ABSTRACT

My patient Laurent's psychoanalysis was successfully concluded after an often complicated, sometimes trying, but always stimulating ten-year labor. Although I focus on two interrelated themes in my report, namely his sexual impotence and mourning, I acknowledge that much remained unexplored in this treatment for reasons that should become evident from my descriptions of both the patient and the therapeutic process. Indeed, my conduct of this analysis, along with those clinical decisions I made both initially and at various junctures in our odyssey, requires elaboration, if not justification, in my view. At the very least, these clinical issues implicate the very nature of the therapeutic process I helped to establish.
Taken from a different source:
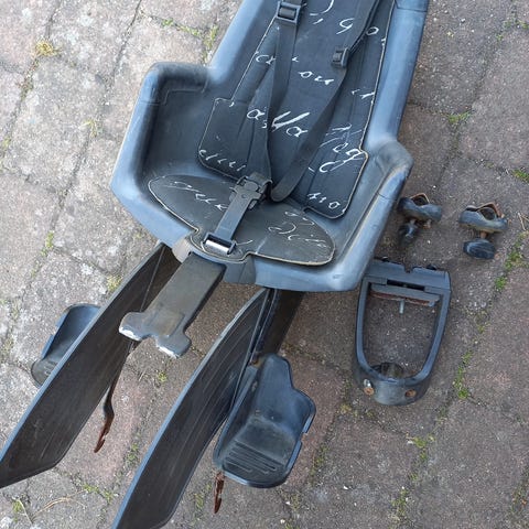 Verdens bedste børnesæde til cyklen. Frontmonteret. Vindskærm og beslag medfølger. Info på billeder.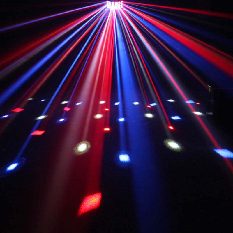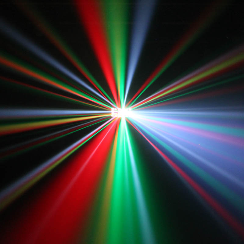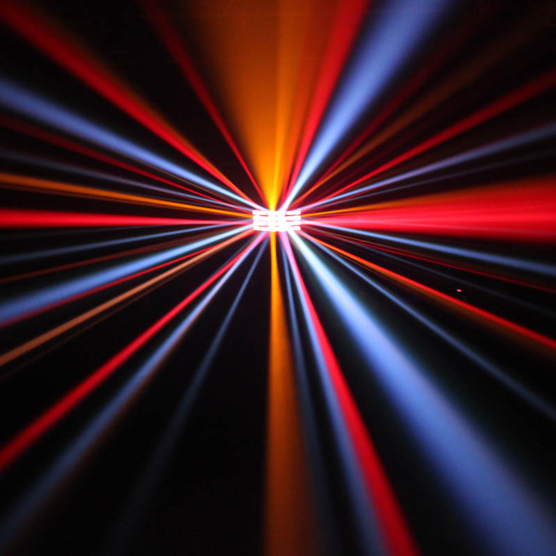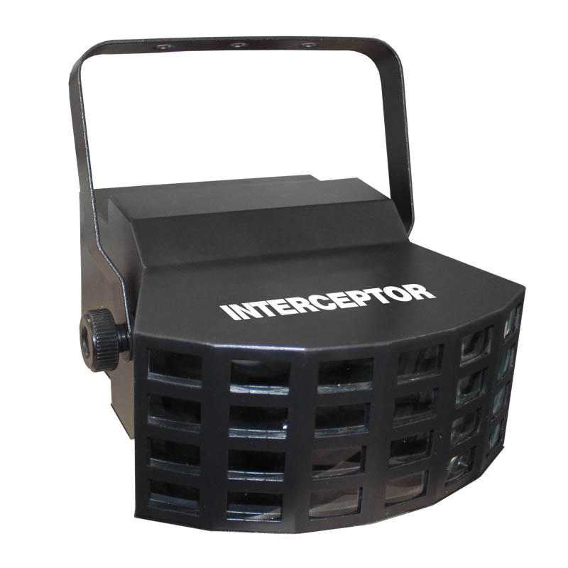 The Interceptor projects multi-coloured, widely dispersed beams of light that rotate and twist at varying speeds via its 24 lenses. With stunning built-in patterns, the Interceptor works via sound activation or DMX.

While it may be claimed that any analysis can achieve the status of an infinite regress, given the nature of the unconscious as revealed by dream interpretation (e.g., Freud, 1900, p. 283), it does appear to me that this analysis in particular invites a discussion about the desirable limits we might place on the application of the psychoanalytic method to “nonstructured” analysands. Such patients, in my view, should not be deprived of the opportunity for analytic intervention, which for so many of them may constitute their only hope; but neither should they be put in the position of being at risk from their regressive or impulsive proclivities. In the account I offer, then, is an implicit proposal — hardly unique I must admit (e.g., Kohut, 1977, pp. 24-25) — to achieve a more prudent yet effective middle ground in our estimation of the therapeutic requirements of these patients.